DSVDD: Deep Support Vector Data Description
3. Properties of Deep SVDD
Proposition 1: All-zero-weights solution. Let \(\mathcal{W}_{0}\) be the set of all-zero network weights, i.e., \(\boldsymbol{W}^{l} = \boldsymbol{0}\) for every \(\boldsymbol{W}^{l} \in \mathcal{W}_{0}\). For this choice of parameters, the network maps any input to the same output, i.e., \(\phi(\boldsymbol{x};\mathcal{W}_{0}) = \phi(\boldsymbol{\tilde{x}}; \mathcal{W}_{0}) =: \boldsymbol{c}_{0} \in \mathcal{F}\) for any \(\boldsymbol{x}, \boldsymbol{\tilde{x}} \in \mathcal{X}\). Then, if \(\boldsymbol{c} = \boldsymbol{c}_{0} \), the optimal solution of Deep SVDD is given by \( \mathcal{W}^{*} = \mathcal{W}_{0}\) and \(R^{*}=0\).
For every configuration (\(\mathcal{W}, R\)) the following conditions are met: \(J_{soft}(R,\mathcal{W}) \ge 0\) and \(J_{OC}(\mathcal{W}) \ge 0\) respectively. As the output of the all-zero-weights network \(\phi(\boldsymbol{x}; \mathcal{W}_{0})\) is constant for every inpyt \(\boldsymbol{x} \in \mathcal{X}\), all errors in the empirical sums of the objectives become zero. Thus, \(R^{*} = 0\) and \( \mathcal{W}^{*} = \mathcal{W}_{0}\) are optimal solutions since \(J_{soft}(\mathcal{W}^{*}, R^{*}) = 0\) and \(J_{OC}(\mathcal{W}^{*}) = 0\) in this case.
Proposition 1 implies that if the hypersphere center \(\boldsymbol{c}\) is set as a free variable in the SGD optimization, Deep SVDD would likely converge to the trivial solution \( \mathcal{W}^{*}, R^{*}, \boldsymbol{c}^{*} = (\mathcal{W}_{0}, 0, \boldsymbol{c}_{0})\). This phenomenon is called hypersphere collapse where the network learns weights such that the network produces a constant function mapping to the hypersphere center. Proposition 1 also implies that Deep SVDD requires \( \boldsymbol{c} \neq \boldsymbol{c}_{0}\) when fixing \(\boldsymbol{c}\) in output space \(\boldsymbol{F}\) because otherwise a hyperparameter collapse would again be possible. For a CNN with ReLU activation functions, for example, this would require \(\boldsymbol{c} \neq \boldsymbol{0}\). Empirically fixed center \(\boldsymbol{c}\) is set to the mean of the network representations that result from performing an initial forward pass on the some training data sample. Also, fixing \(\boldsymbol{c}\) in the neighborhood of the initial network outputs made SGD convergence faster and more robust.
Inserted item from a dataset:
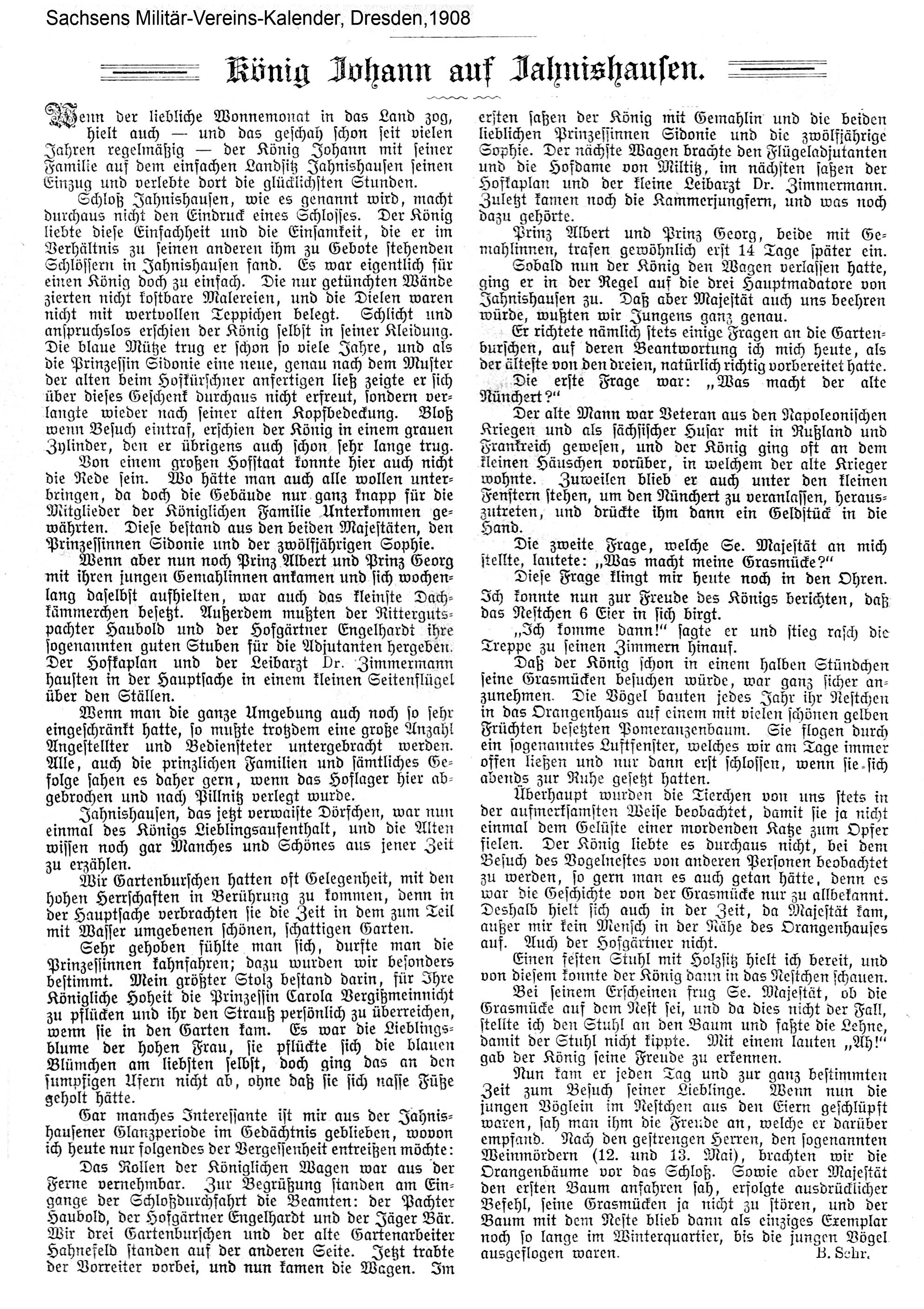 Erschienen in: Sachsens Militär-Vereins-Kalender Dresden, 1908, Seite 40f Zwecks besserer Lesbarkeit aus zwei Seiten auf eine Seite montiert. Das Original ist als Public-Domain Mark 1.0 eingestellt in den Saxonica / digitale Sammlungen der SLUB - Dresden: https://digital.slub-dresden.de/werkansicht/dlf/313026/48?tx_dlf%5Bhighlight_word%5D=Jahnishausen&cHash=22c6bc382ba385f9659029c4c11730a3

Proposition 2: Bias terms. Let \(\boldsymbol{c} \in \mathcal{F}\) be any fixed hypersphere center. If there is any hidden layer in network \(\phi(\cdot; \mathcal{W}) : \mathcal{X} \leftarrow \mathcal{F}\) having a bias term, there exist an optimal solution \( R^{*}, \mathcal{W}^{*} \) of the Deep SVDD objectives with \( R^{*} = 0 \) and \( \phi(\boldsymbol{x}; \mathcal{W}^{*}) = \boldsymbol{c} \) for every \(\boldsymbol{x} \in \mathcal{X} \).
Assume layer \(l \in \{1,\ldots,L\}\) with weights \(\boldsymbol{W}^{l}\) also has a bias term \(\boldsymbol{b}^{l}\). For any input \(\boldsymbol{x} \in \mathcal{X}\), the output of layer \(l\) is then given by \( \boldsymbol{z}^{l}(\boldsymbol{x}) = \sigma^{l}(\boldsymbol{W}^{l}\cdot\boldsymbol{z}^{l-1}(\boldsymbol{x})+\boldsymbol{b}^{l}) \), where "\( \cdot \)" denotes a linear operator, \( \sigma^{l}{\cdot} \) is the activation of layer \(l\), and the output \(\boldsymbol{z}^{l-1}\) of the previous layer \(l-1\) depends on input \(\boldsymbol{x}\) by the concatenation of previous layers. Then, for \(\boldsymbol{W}^{l} = 0\), The equation \( \boldsymbol{z}^{l}(\boldsymbol{x}) = \sigma^{l}(b^{l})\), i.e., the output of layer \(l\) is constant for every input \( \boldsymbol{x} \in \mathcal{X} \). Therefore, the bias term \(\boldsymbol{b}^{l}\) (and the weights of the subsequent layers) can be chosen such that \(\phi(\boldsymbol{x}; \mathcal{W}^{8}) = \boldsymbol{c}\) for every \(\boldsymbol{x} \in \mathcal{X}\). Hence, selecting \(\mathcal{W}^{*}\) in this way results in an empirical term of zero and choosing \(R^{*} = 0\) gives the optimal solution (ignoring the weight decay regularization term for simplicity).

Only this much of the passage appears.